INFORMATION PROVIDED:
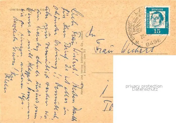 Lam_Oberpfalz Bayr Wald mit Arber Lam_Oberpfalz postalisch gelaufen 1965 Erhaltung siehe scans [FriedD77] Frierer
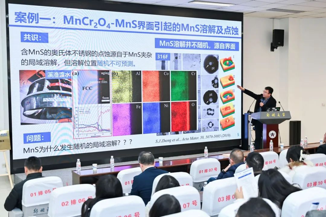 河北工業(yè)大學(xué)鄭士建教授分享了“近使役條件下工程合金微結(jié)構(gòu)與性能”的報(bào)告;
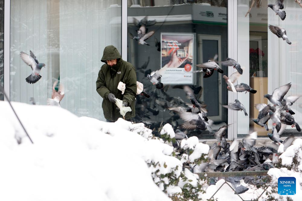 A man feeds pigeons on a snow-covered street in Bucharest, Romania, on Feb. 2, 2026. Romania's National Meteorological Administration (ANM) on Monday issued a Code Yellow warning for severe cold and frost, affecting more than half of the country, from Monday morning until Tuesday. (Photo by Cristian Cristel/Xinhua)

ASSIGNMENT:
Repeat the lines of the listing above verbatim, beginning at its first line and ending at the line containing "河北工業(yè)大學(xué", which is included. Omit pictures.

EXERCISE SOLUTION:
 Lam_Oberpfalz Bayr Wald mit Arber Lam_Oberpfalz postalisch gelaufen 1965 Erhaltung siehe scans [FriedD77] Frierer
 河北工業(yè)大學(xué)鄭士建教授分享了“近使役條件下工程合金微結(jié)構(gòu)與性能”的報(bào)告;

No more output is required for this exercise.